Teacher Benefits Are Eating Away at Salaries

Chad Aldeman:

The big news out of the latest Public Education Finances Report is official confirmation that school districts spent less money per student in 2010-11 than they had the year before, the first one-year decline in nearly four decades. It’s worth taking some time to reflect on that fact, but the full report is also a valuable source of data on state and district revenues and expenditures and the entirety of the $600 billion public K-12 education industry.
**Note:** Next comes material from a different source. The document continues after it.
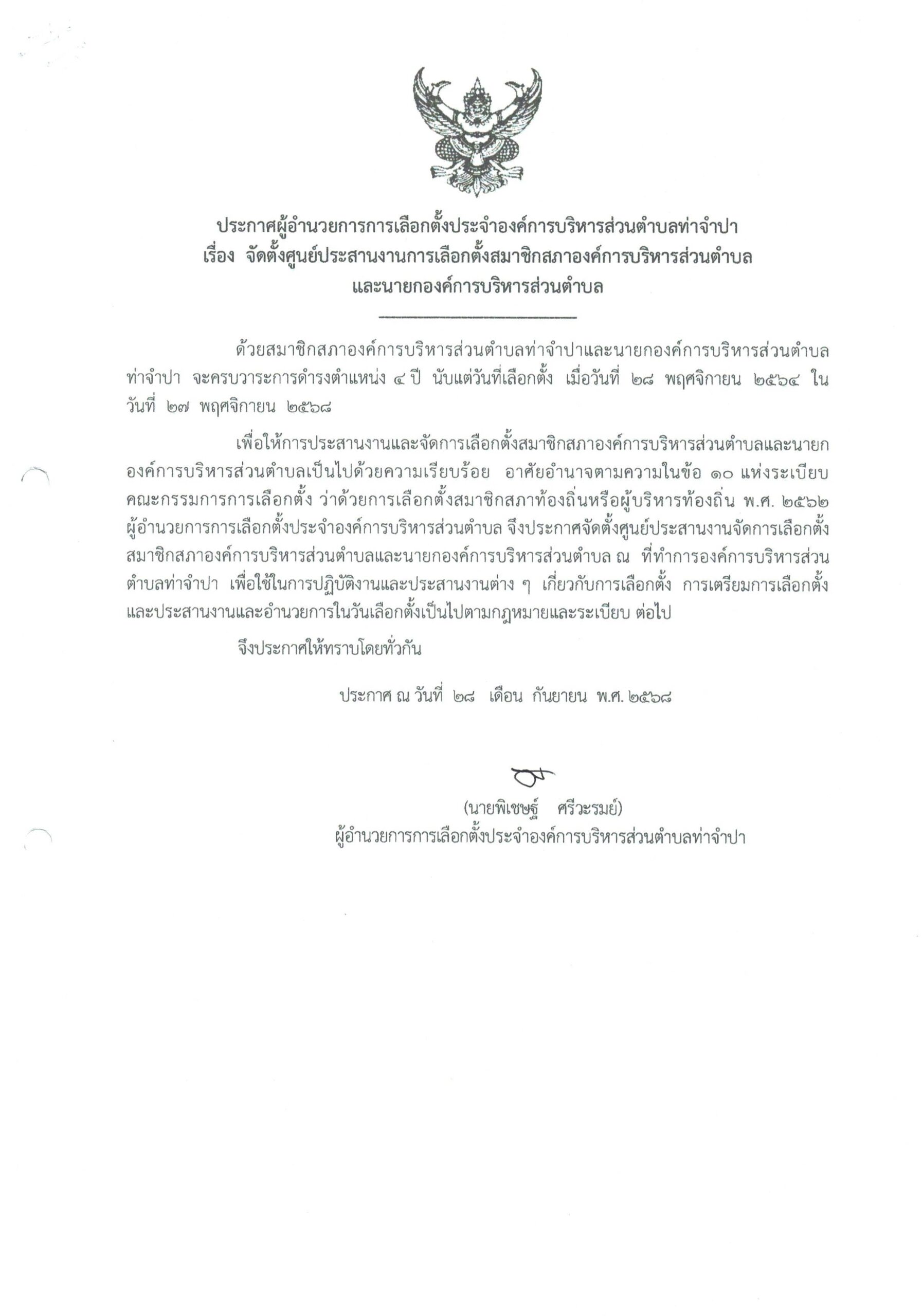 ประกาศผู้อำนวยการการเลือกตั้งประจำองค์การบริหารส่วนตำบลท่าจำปา เรื่อง จัดตั้งศูนย์ประสานงานการเลือกตั้งสมาชิกสภาองค์การบริหารส่วนตำบล และนายกองค์การบริหารส่วนตำบล 28 กันยายน 6822 ตุลาคม 25adminข่าวประชาสัมพันธ์ ประกาศผู้อำนวยการการเลือกตั้งประจำองค์การบริหารส่วนตำบลท่าจำปา เรื่อง จัดตั้งศูนย์ประสานงานการเลือกตั้งสมาชิกสภาองค์การบริหารส่วนตำบล และนายกองค์การบริหารส่วนตำบล อ่านแล้ว : 6 Facebook iconFacebookTwitter iconTwitterLINE iconLine
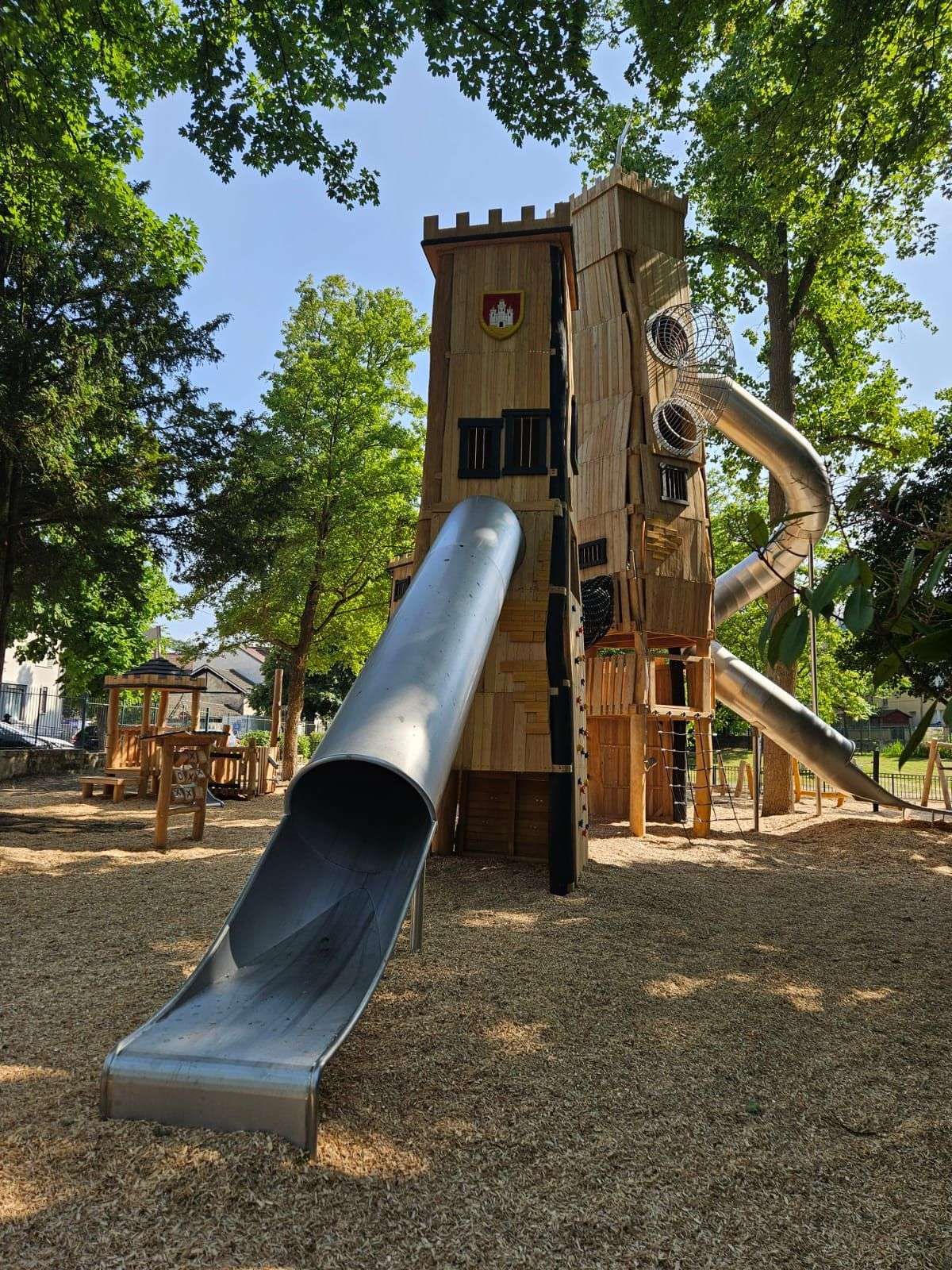L’aire de jeux château offre bien plus qu’un espace de jeu : c’est une immersion dans l’imaginaire médiéval. Tour de guet, pont-levis, remparts, toboggans ou cachettes secrètes : chaque élément stimule la créativité, favorise le jeu en groupe et encourage l’activité physique.

One key takeaway is that employee benefits continue to take on a rising share of district expenditures.
The table below uses 19 years of data (all years that are available online) to show total current expenditures (i.e. it excludes capital costs and debt), expenditures on base salaries and wages, and expenditures on benefits like retirement coverage, health insurance, tuition reimbursements, and unemployment compensation. Although it would be interesting to sort out which of these benefits have increased the most, the data don’t allow us to draw those granular conclusions. But they do tell us that teachers and district employees are forgoing wage increases on behalf of benefit enhancements.
From 2001 to 2011 alone, public education spending increased 49 percent, but, while salaries and wages increased 37 percent, employee benefits increased 88 percent. Twenty years ago, districts spent more than four dollars in wages to every one dollar they spent on benefits. Now that ratio has dropped under three-to-one. Benefits now eat up more than 20 percent of district budgets, or $2,262 per student, and those numbers are climbing.